Current projects in the lab include the study of TAM receptor activation and signaling in acute lymphoblastic leukemia, acute myeloid leukemia, melanoma, non-small cell lung cancer. Specifically, activation of Mer and/or Axl in these cancer types leads to downstream activation of pro-survival signaling pathways, including PI3K/AKT, p38 and ERK MAP kinases, and STAT5/STAT6. Inhibition of Mer and/or Axl using shRNA leads to decreased signaling through these survival pathways, induction of cancer cell death, decreased colony formation in clonogenic or soft agar assays and decreased tumor growth in animal models. In addition, shRNA-mediated inhibition of Mer and/or Axl increases the sensitivity of tumor cells to traditional cytotoxic chemotherapies. Moreover, we have recently shown that Mer functions in the immune system to promote an anti-inflammatory phenotype that promotes tumorigenesis. These pre-clinical data identify and validate Mer as a potential therapeutic target for treatment of a wide spectrum of tumor types.

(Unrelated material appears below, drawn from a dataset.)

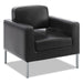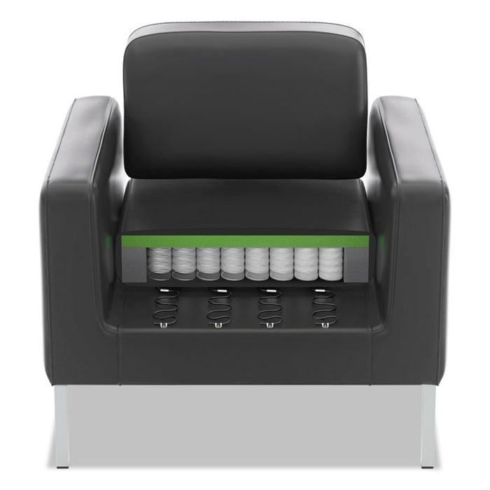 Corral Club Chair, 31.5" x 28" x 30.5", Black Seat/Back, Platinum Base. Make an enduring impression and achieve lasting savings. This classic contemporary club chair offers even more than meets the eye. The seat cushion is uniquely engineered for comfort, with over 50 individually wrapped coil springs that reduce pressure points. The back floats above the seat, so cleaning is simple. The style is so impressive, people will assume you spent a lot more than you did. SofThread™ leather upholstery. Recommended Applications: Guest, Reception, Waiting Room & Lounge; Seat Color: Black; Back Color: Black; Color Family: Black.

In addition, the variety of mechanisms by which Mer inhibition may lead to anti-tumor activity, including direct tumor cell killing, sensitization to cytotoxic chemotherapies, and increased immune-mediated tumor rejection suggest that Mer inhibition may be a particularly effective strategy for treatment of cancers.

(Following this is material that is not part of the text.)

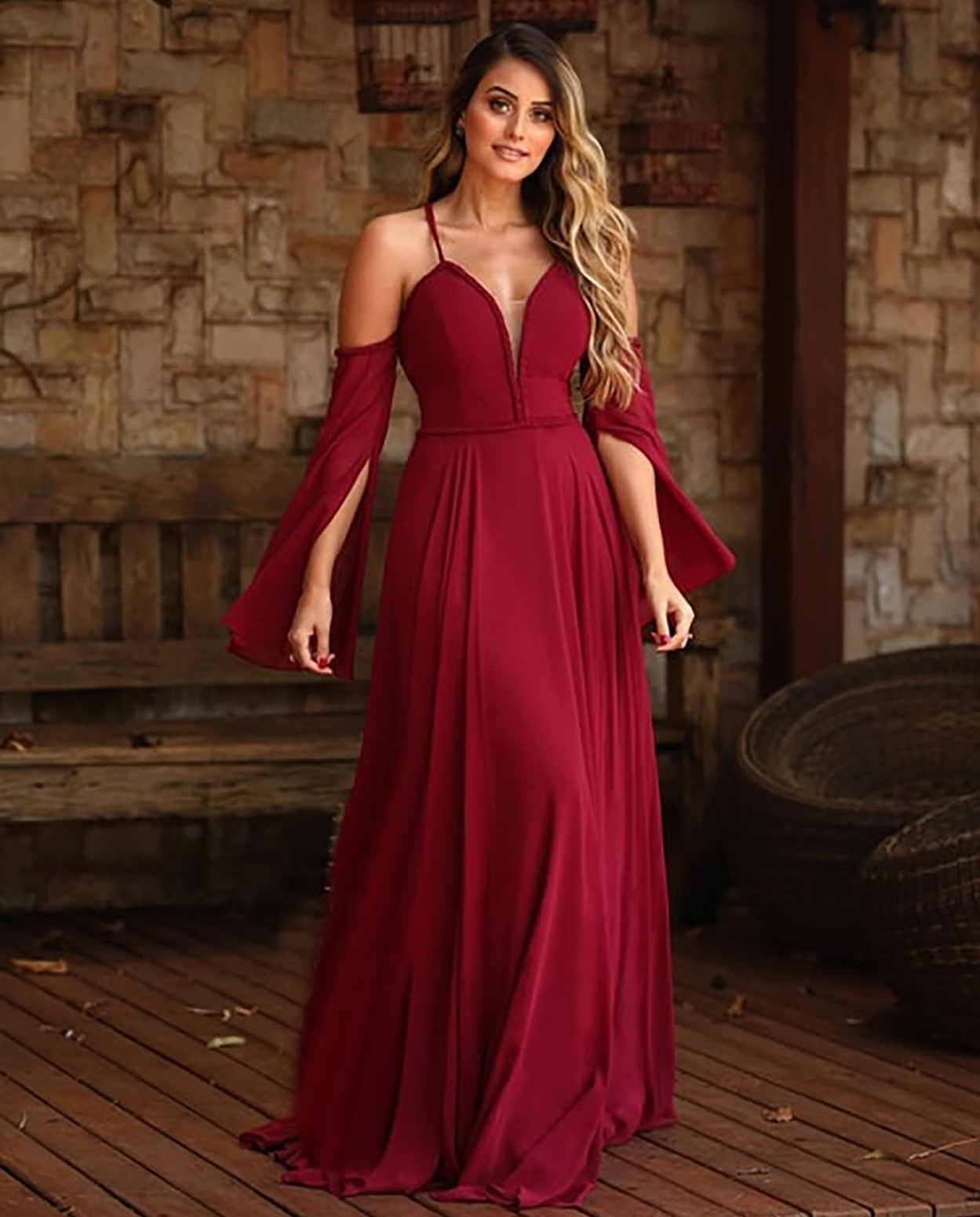 Essa opção é apenas mais uma preferência e é super elegante! Mas pode ser uma opção um pouco mais complicada dependendo do material. Por isso, algumas noivas presenteiam as madrinhas com os cortes de tecido. Assim, elas escolhem o seu modelo favorito.

Most recently, we have developed first-in-class, novel Mer-selective small molecule inhibitors in conjunction with our collaborators at the University of North Carolina. These Mer inhibitors mediate anti-tumor activity in cell culture and animal models and are progressing toward clinical development.

​We have also generated several recombinant proteins that function as ligand sinks and thereby inhibit both Mer and Axl. These biologic therapies have been developed primarily for anti-thrombotic applications and are sufficient to inhibit platelet aggregation in vitro and reduce fatal clot formation in vivo, suggesting their therapeutic utility.